The Wik, Wik Way and Kugu Aboriginal people of central Western Cape York Peninsula in Far North Queensland have long been determined to establish an IPA over their traditional homelands.
The Wik, Wik Way and Kugu people, with support from the Indigenous community development organisations Wik Projects Ltd. and the Ngan Aak-Kunch Aboriginal Corporation (NAK), conducted consultation and planning phase over a 15-year period for their IPA and were successful in having their IPA declared in 2023.

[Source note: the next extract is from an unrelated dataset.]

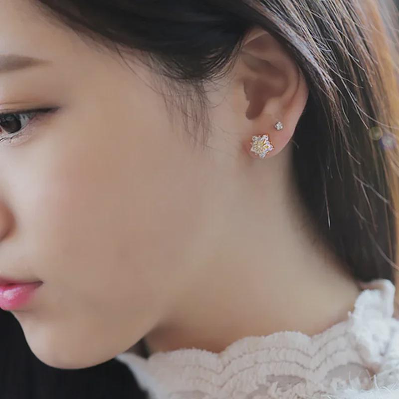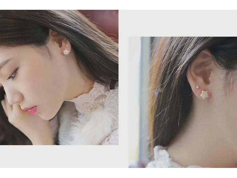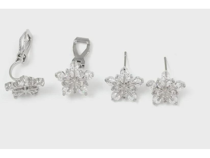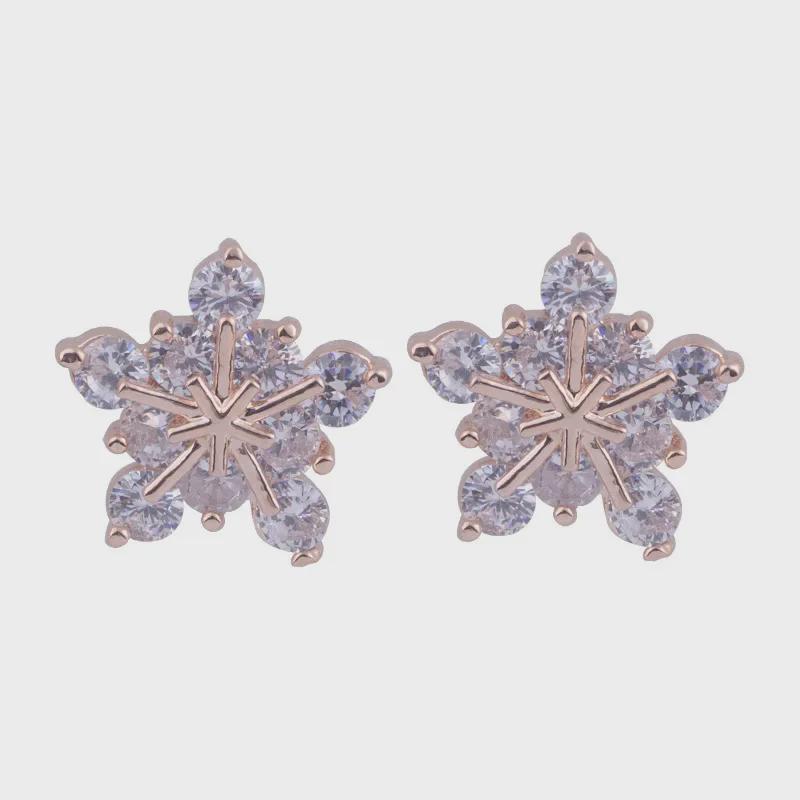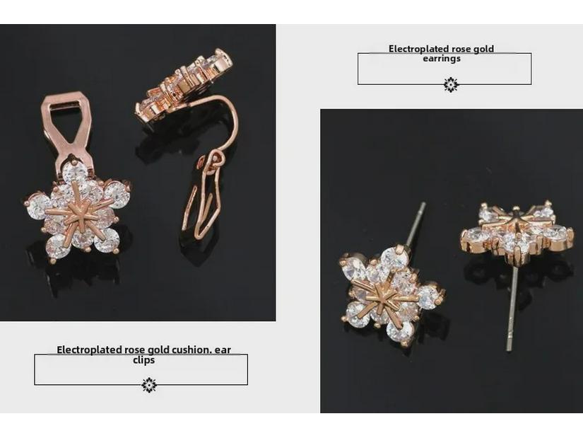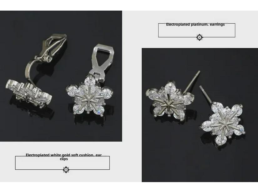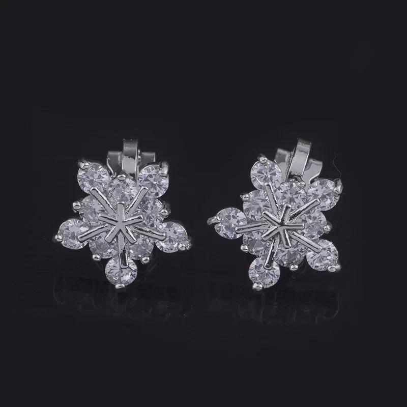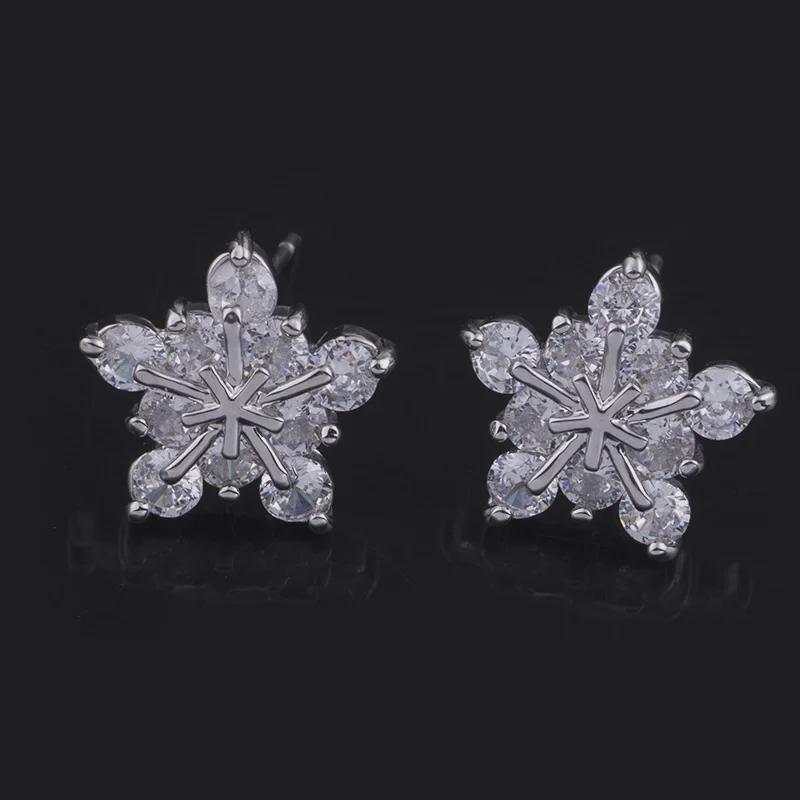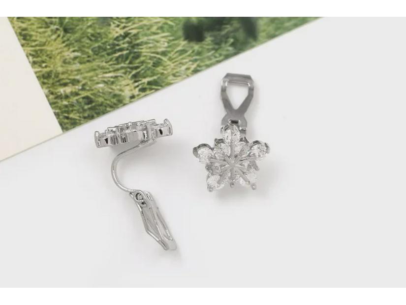 B1752 Изысканные рождественские серьги-снежинки с цирконом 3A — клипсы, проколы не требуются.

Extensive community consultations were undertaken prior to this declaration, involving discourse with the region’s Traditional Owners, Indigenous community organisations and representative bodies, regional conservation and natural resource management groups, the mining industry, the local and state and federal governments, and other local and regional stakeholders.
Our Goals

There are three broad ecosystem types that dominate our country and are of environmental and cultural significance for our people and western science – wetlands, savanna woodlands and gallery and vine forests.

Wetlands

The vast wetlands landscapes of our homelands incorporate a range of ecosystems including river, creek and lake (freshwater and estuarine) systems, floodplains, lagoons, mangroves, sinkholes/swampy depressions, grass/sedgelands, saline mudflats, saltpan areas, overflow swamps and seasonally inundated woodlands. These habitats support an abundant and diverse assemblage of flora and fauna. They provide an important nursery for fish, crustaceans, and a host of other marine aquatic, and terrestrial animals.

Savanna Woodlands

Much of our inland (‘top side’) country is covered by swathes of relatively undisturbed tropical savanna woodlands. These woodlands have long supported our livelihoods through their provision of important food and other resources including materials for shelter, art and craft, and the manufacture of tools and weapons.

Gallery & Vine Forests

Compared to the woodlands that typically surround them, these forests have exceptionally high biodiversity value and are considered important refugia sites for many species of rainforest flora and fauna. Making our homeland’s gallery and vine forests a place of huge cultural significance.  They have traditionally been sites of high resource use, permanent occupation or seasonal congregation as many of our culturally important ‘places’ are located within these forests.